Local Model-Based Pareto Front Estimation for Multiobjective Optimization
提出一种基于局部模型的帕累托前沿估计方法,通过将种群分组并构建局部模型来逼近复杂几何结构的前沿,在39个问题上优于四种进化算法,尤其适用于不规则帕累托前沿问题。
The Pareto front (PF) estimation has become an emerging strategy for solving multiobjective optimization problems in recent studies. By approximating the geometrical structure of the PF during the evolutionary procedure, some PF estimation approaches have been suggested and shown effectiveness in guiding the search direction of evolutionary algorithms. However, these approaches encounter difficulties in handling irregular PFs, whose geometrical structures are too complex to be properly approximated. To address this issue, this article proposes a novel PF estimation approach based on local models. In contrast to existing approaches estimating the PF via a reference point set or a single model, the proposed approach automatically divides the population into several groups and builds a local model for each group of solutions.

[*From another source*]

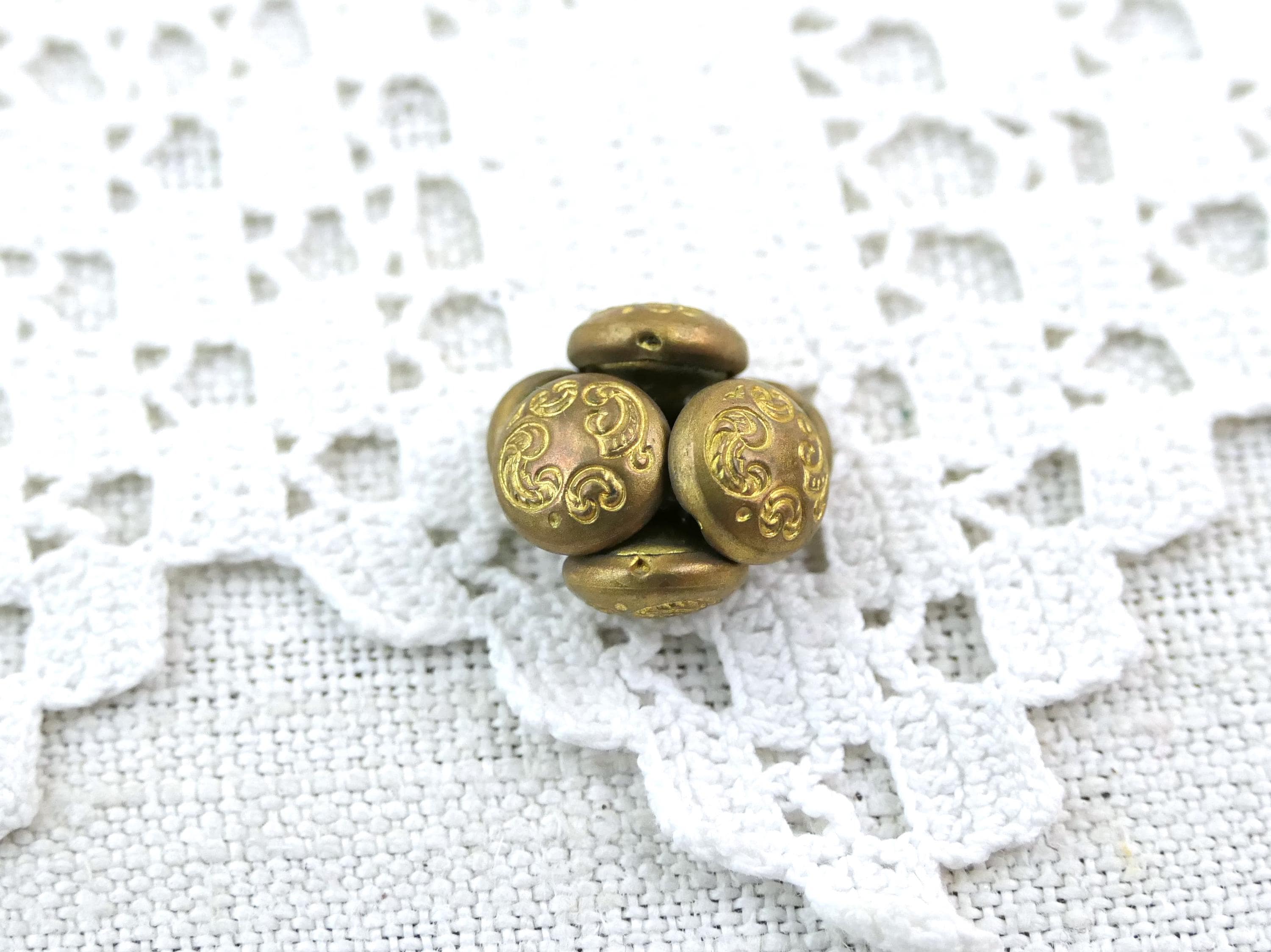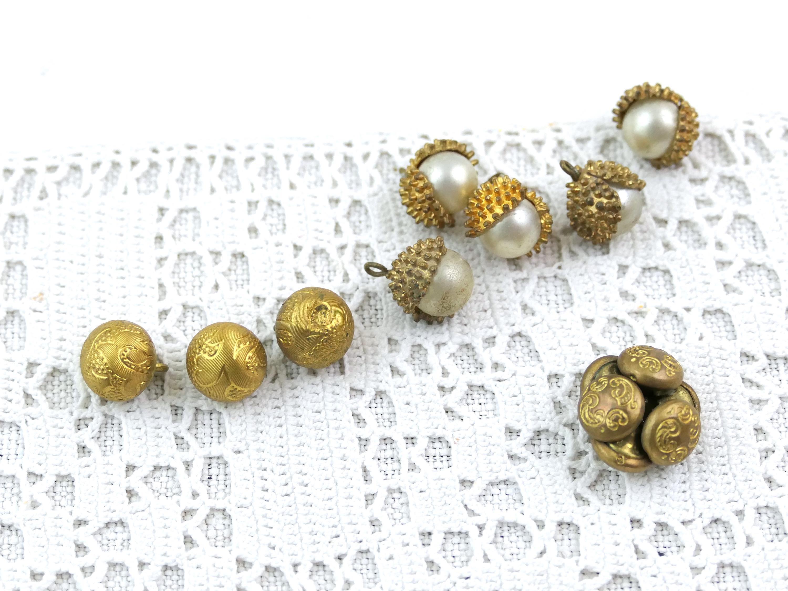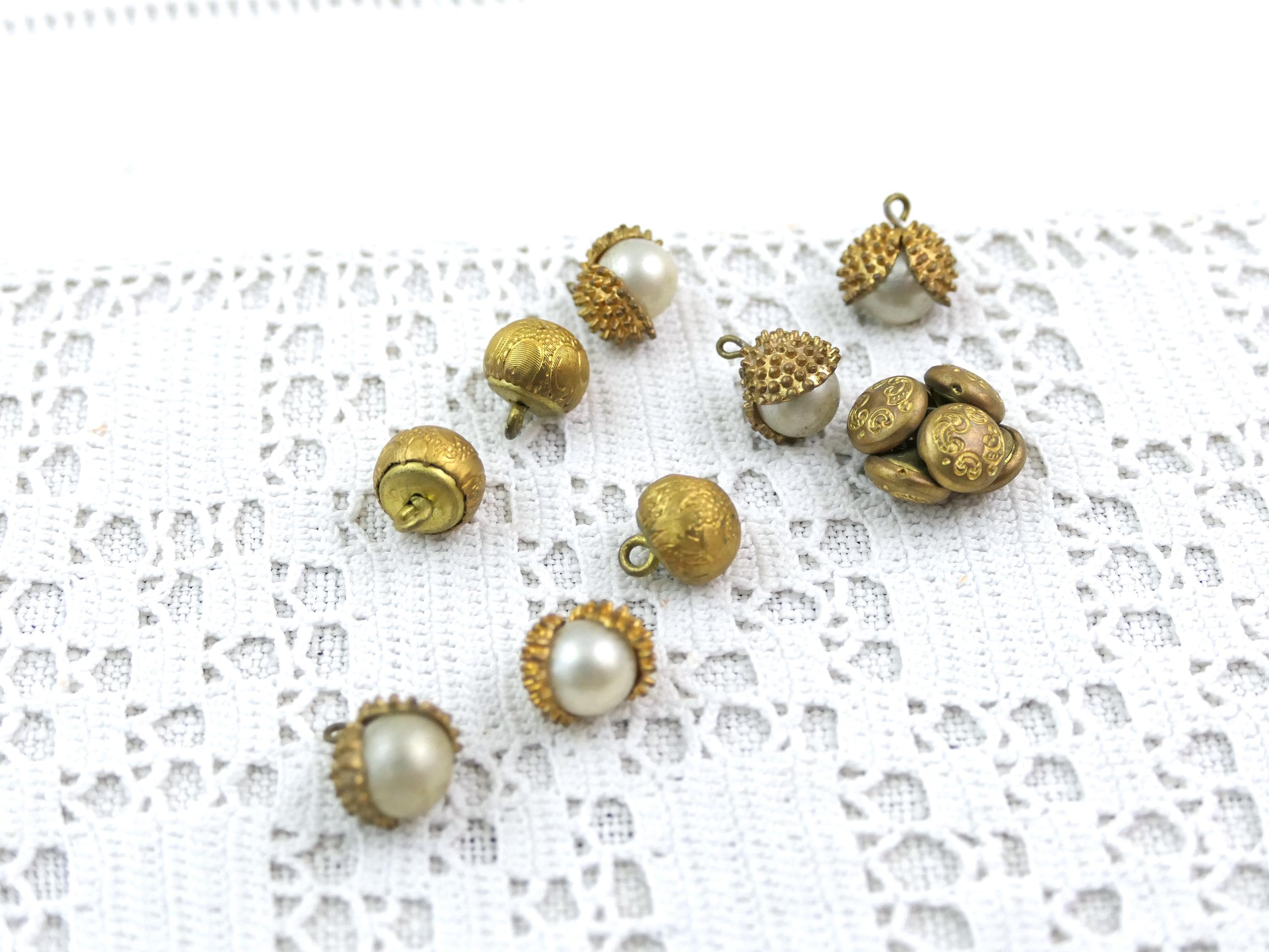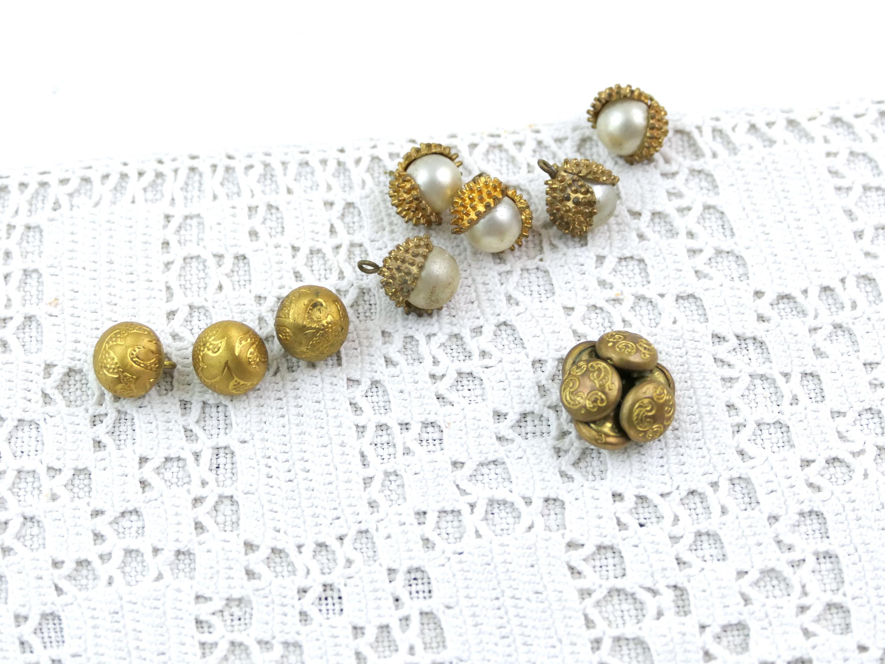 Assorted lot of 14 vintage buttons. Made of gold tone metal with faux pearls. Ca 1940s- 1960s.
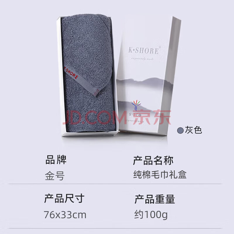 商品相册:金号毛巾礼盒 A类纯棉加厚吸水毛巾 礼盒单条装灰色76*33cm100g第

In spite of the simplicity of each local model, the combination of all the local models can approximate the PFs with complex geometrical structures. An evolutionary algorithm is then developed based on the local model-based PF estimation approach and a novel fitness function and is compared with four evolutionary algorithms on 39 problems. Statistical results indicate that the proposed algorithm exhibits better performance than the compared algorithms, especially on problems with highly irregular PFs.